After a long spell of illness, the Postmaster recovered. He decided inwardly that enough was enough, and he had to get himself a different posting. Mentioning the local conditions, he immediately applied to the postal authority at Kolkata for a transfer.

Being relieved from her duties as a nurse, Ratan once again came out and occupied her old position by the door. But there were no calls for her as before. She peeped in some times, and found the Postmaster sitting or lying down most absentmindedly. Ratan waited for her call and the Postmaster waited for his transfer order. Sitting by the door, Ratan went over her old lessons a hundred times. She had the fear that she might mix up her spellings the day there was a sudden call for her.

After a week or so, indeed there was a call.

Ratan went in and asked, "Dada-babu, were you calling me?"

"Ratan, I am going away tomorrow itself", said the Postmaster.

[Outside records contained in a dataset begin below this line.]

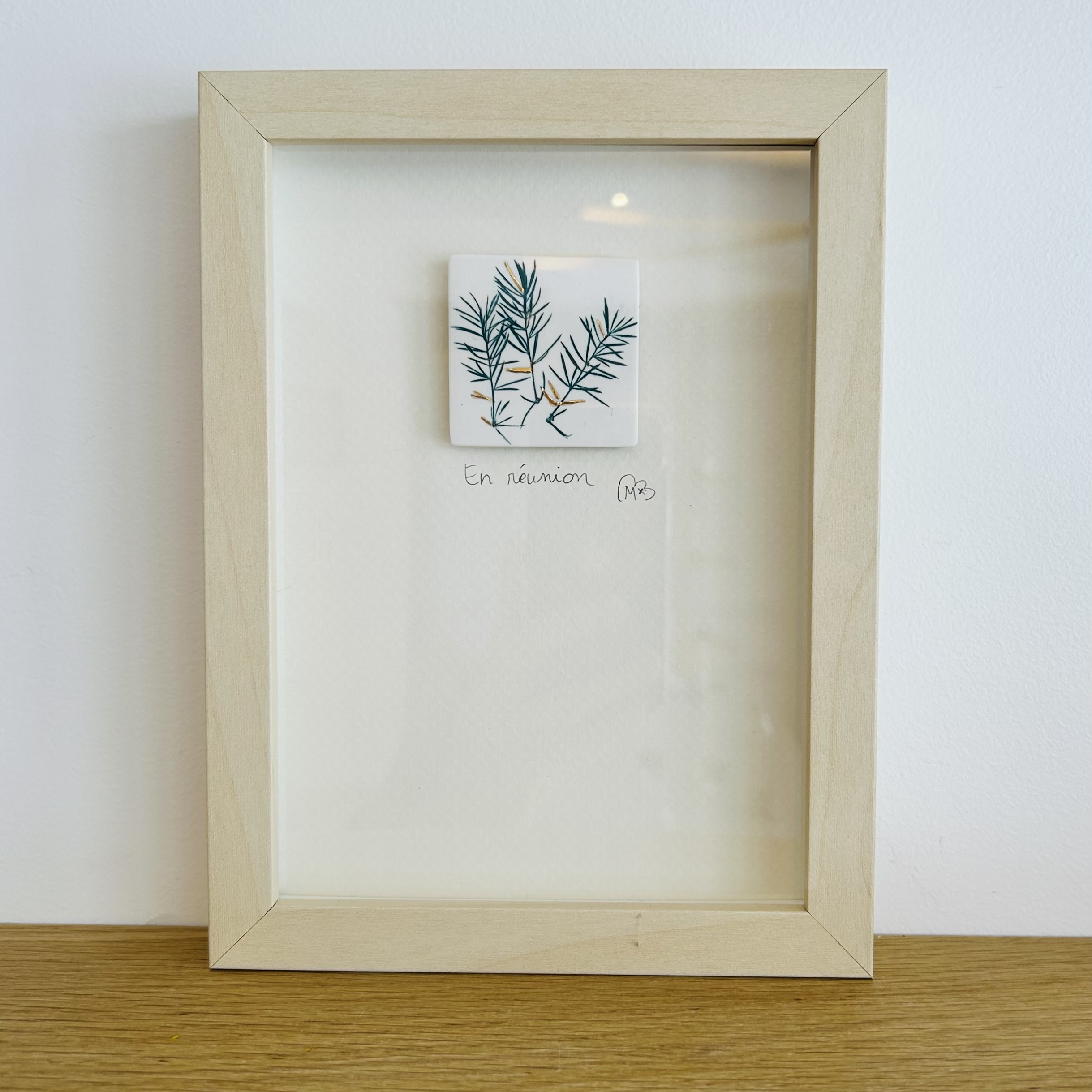 Impression végétale sur porcelaine, parfois travaillée aux oxydes ou pigments. La porcelaine est ensuite découpée, cuite plusieurs fois à haute température avant d’être collée en surépaisseur sur un support cartonné et encadrée, après avoir reçu le titre inspiré par la composition.
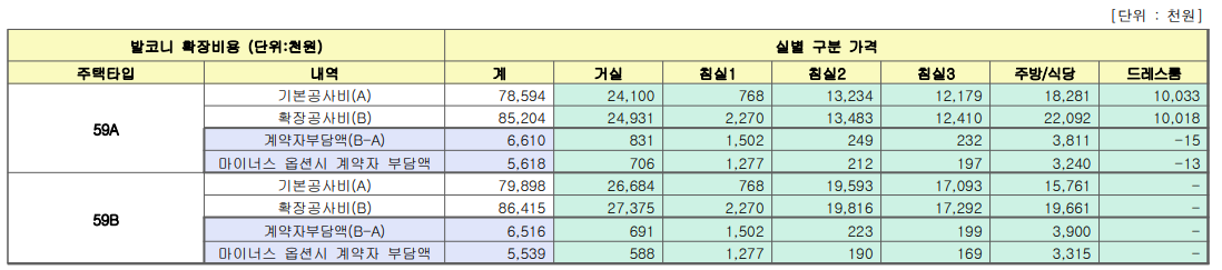 - 발코니 확장비: 661만원 내외, 마이너스옵션 선택 시 저렴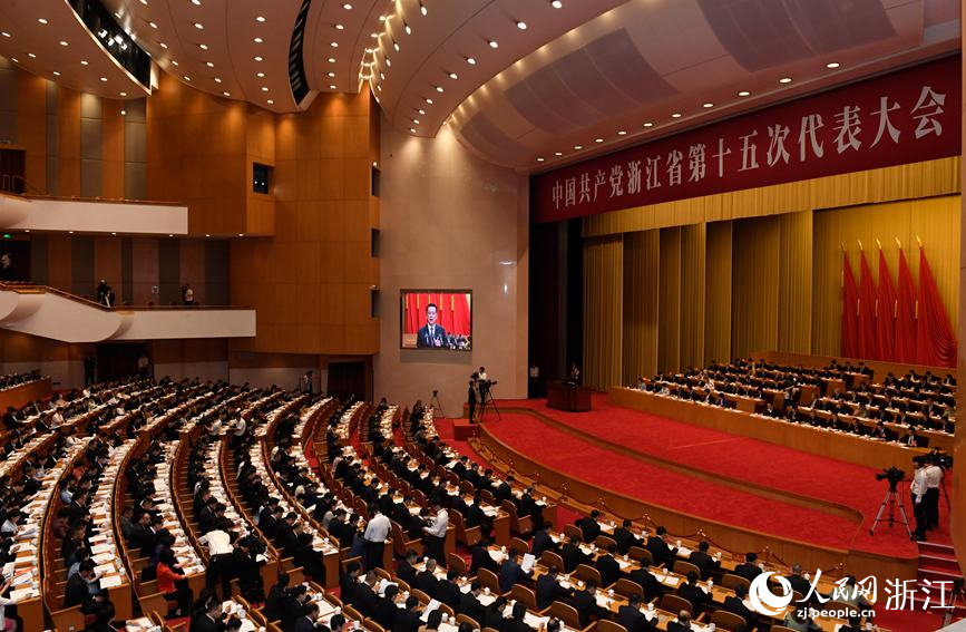 6月28日,中國共產黨浙江省第十五次代表大會在省人民大會堂開幕。人民網 郭揚攝
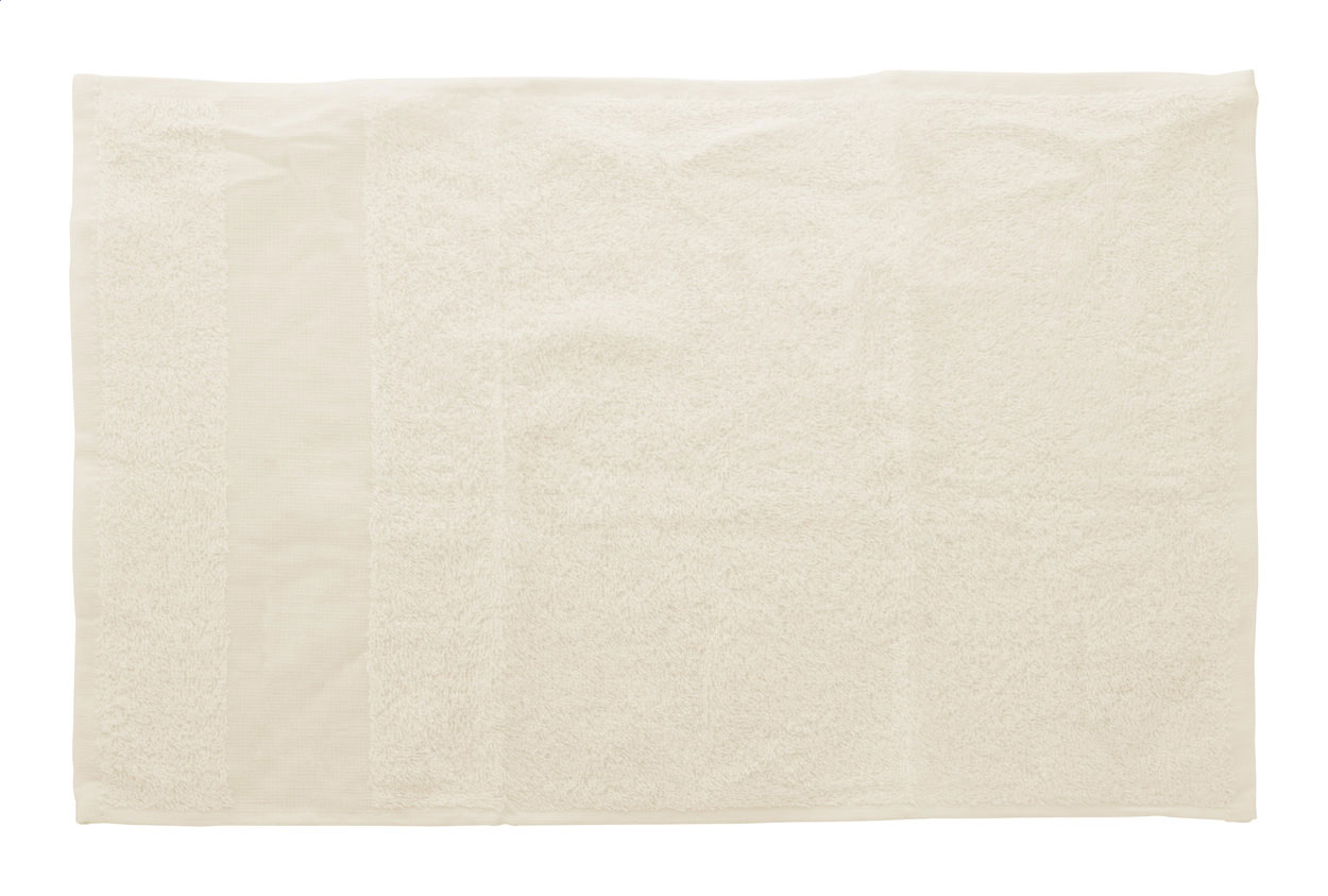 Bavlněný froté ručník pro hosty s poutkem na zavěšení a potiskovatelnou bordurou. 100% bavlna, 360 g/m².

"Where are you going, Dada-babu?" asked Ratan.

"I am going home"

"When will you be coming back?"

"I won't be coming back".

Ratan did not ask anything further. The Postmaster himself told her that he had applied for a transfer, The application had been rejected. So he was resigning his post and going home.

For a long time nobody said a word. In the flickering lamplight, rain dropped down through a hole in the roof and collected in a bowl kept right under the hole.

After a while Ratan got up and went to the kitchen to make the chapattis. The task took longer than usual. After the Postmaster had eaten, the girl asked her: "Dada-babu, will you take me to your home?"

"How can that be!" said the Postmaster with a laugh. He did not even feel it necessary to explain to the girl why it was impossible.

All night through her sleep and wakeful hours, the girl heard his laughing words: 'How can that be!'

The Postmaster, like most people from Kolkata, had the habit of bathing not in the pond or river directly but in water that had been collected in a bucket.

Next morning as soon as he got up, he found the water ready and waiting for him. For some reason Ratan had not been able to ask him exactly when he would be going. So she had gone right in the night and fetched the water, and kept it ready for him.

Once the Postmaster had taken his bath, he called for Ratan. Ratan entered silently and looked at her master, awaiting his instruction.

"Ratan", said her master, "I'll talk to the man who will come in my stead. He will care for you just as I used to. You don't have to worry at all."

These words might have been kind but Ratan burst out crying: "No, no, you don't have to talk to anyone. I don't want to stay on." The Postmaster had never seen Ratan behave like this and was surprised.

The new Postmaster arrived. The old Postmaster handed over the charge to him and began to take his leave. He called Ratan and offered her some money. "Ratan, I have never been able to give you anything. Now, while leaving, I am giving you something. It will take care of you for a few days."

Keeping only the travel expenses with him, he took his whole salary out of his pocket. Ratan fell to the ground and caught hold of his feet.

"Dada-babu, please, you don't have to give me anything. Please, nobody has to think of me-"

With this, she ran away from there.

The ex-Postmaster sighed, and started off, with his tin box and umbrella.

As he mounted the boat, and as the boat started along the river swollen in monsoon, he felt a deep twinge of pain. Let me go back and get that orphaned child along with me, he thought for a moment. But the boat was already on the move, and the Postmaster comforted himself with the theory: "Life is full of partings. What is the point of going back?"

But Ratan had no theories to comfort her. She just hung around the Post Office, tears flooding her face. A faint hope kept her tied to it: perhaps Dada-babu will come back?